PayPal is seen by many people as being safe and is often the preferred method of payment for a customer. From the customers point of view, the ‘buyer protection’ offered by PayPal makes this a ‘feel safe’ method of payment.

If a dispute arises, PayPal will negotiate between the merchant and the customer to achieve what they consider to be a fair resolution. Another advantage to the customer is that the store never sees the customers payment details. This means that a customer can pay by credit card and only PayPal has the details of that card. The store is made aware that a payment has been made with a credit card, but has no further details.

PayPal allows payments to be made to a merchant in two ways. Firstly a customer can use a credit card as described above. Secondly a customer can use a PayPal account which either has a sufficient balance to make the payment or is linked to a bank account/credit card from which the payment can be sourced.

Using a credit card

When a sale is made and the payment is by credit card, the store receives an email advising of the payment. In this case the buyer is protected if the merchant fails to deliver goods or services matching what the customer had purchased (and the customer can provide sufficient evidence). The seller is offered NO PROTECTION from the credit card being misused, as in the case where the card details have been stolen and used without the card owners knowledge. The card owner tells their bank to stop payment, this is known as a chargeback. PayPal will ‘act on your behalf’ but invariably they refund the bank after garnishing the disputed amount from your PayPal account.

In this situation the store owner should make an extra effort to ensure that the order and customer are legitimate.

Using a PayPal account

When a customer pays for their order using a PayPal account (not a credit card via PayPal) the buyer and seller are both protected by PayPal. The email advising payment will include a declaration that the seller is eligible for ‘seller protection.’ Should it be found that the PayPal account had been misused by a third party, the seller is unlikely to suffer financially as a result, with some big IFs.

IF the goods are not shipped to the address on the payment advice sent by PayPal at the time the sale occurred, you will not be able to claim seller protection.

IF you can not provide proof of delivery to the address on the payment advice sent by PayPal, you will not be able to claim seller protection.

Signs a customer may not be genuine

  • The use of free email accounts. Hotmail and G-mail are two of many free email accounts that anyone can create. Orders from one of these email accounts are much more likely to need extra attention.

  • Their name and address is not in the phone book. Some people don’t have home phones or may have unlisted numbers, but again take extra care.

  • They give an unlisted mobile number. Search using a reverse lookup site and Google, again take extra care.

  • They want delivery to a P.O.Box or a delivery address different to their home address.

  • They paid with a credit card. (no seller protection)

  • The IP address the order was placed from is not from the same area as the address they gave.

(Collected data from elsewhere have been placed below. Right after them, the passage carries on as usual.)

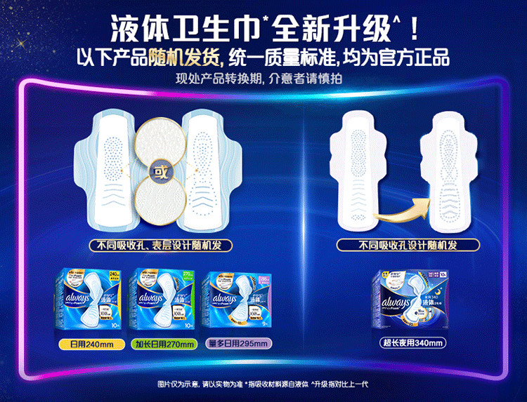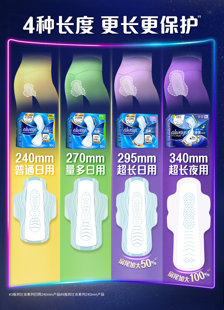 第4代升级款真的太绝了,超薄的一片,贴在身上完全无感,像没垫一样,上班久坐、出门逛街、运动都毫无负担,再也没有闷汗、黏腻的尴尬。黑科技液体吸收芯,吸收力直接拉满,能吸收10倍自重的量,一吸到底,量大的日子也能牢牢锁住,不反渗、不侧漏,睡前用270mm款,一觉睡到天亮都安心。
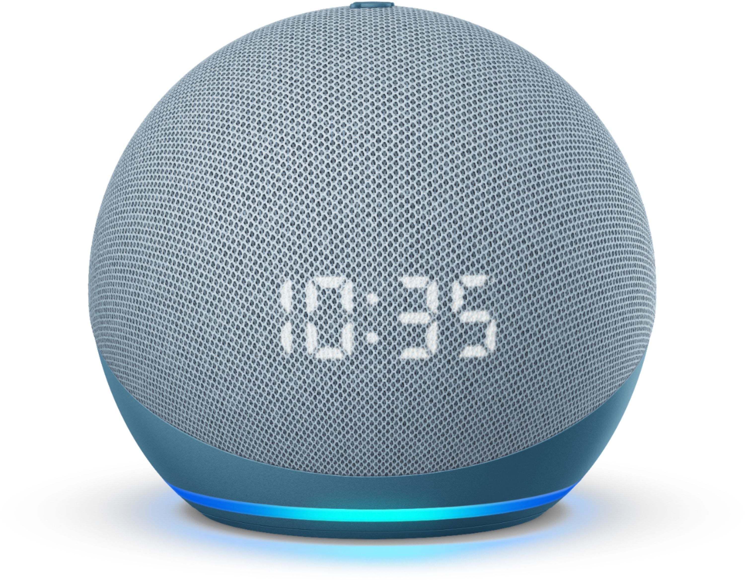 Meet the all-new Echo Dot with clock. Round out any room with Alexa. Our most popular smart speaker has a sleek, compact design that fits perfectly into small spaces. It delivers crisp vocals and balanced bass for full sound you can enjoy anywhere in your home. See the time, alarms, and timers on the LED display. Plus, tap the top to snooze an alarm.
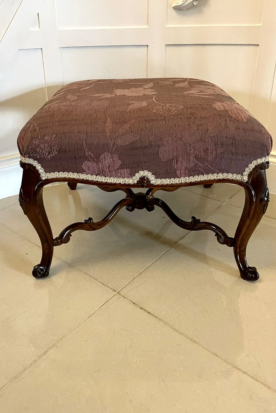 Large antique Victorian quality carved rosewood stool having a newly reupholstered seat in a quality lavender colour stylish fabric, carved rosewood frieze, standing on shaped carved rosewood cabriole legs with scroll feet united by a shaped carved rosewood cross stretcher
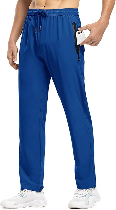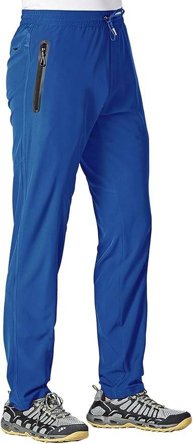 TBMPOY Men's Lightweight Hiking Travel Pants Breathable Athletic Fishing Active Joggers Zipper Pockets

None of the points above (either alone or together) mean that the order is not genuine, but they are all factors that should make you pay extra attention to the sale.

The more of the above points that are true, the more suspicious and careful you should be.


Fraud is becoming more and more of a problem and at the end of the day there is only one loser.

It isn’t the customer, it isn’t the bank, it isn’t PayPal.

It’s YOU. The merchant.

  • When you are in doubt, ask to customer to provide proof that they are who they say they are.

  • All of the clients I have requested further information from have been happy that I made the effort to check.

  • Every one of them was able to provide what I asked for, and there were no issues with the sales.

  • The ones who ‘promised’ to send me the extra information I requested and never did were all scammers and in each case PayPal later alerted me to “unusual account activity” and a chargeback was instigated by the account owner.

If you are in doubt that an order is above board you may be better to cancel it.

It may be better to lose a little profit, than a large outlay for stock you just handed to a scammer.

Personally, I’d rather not give them the satisfaction.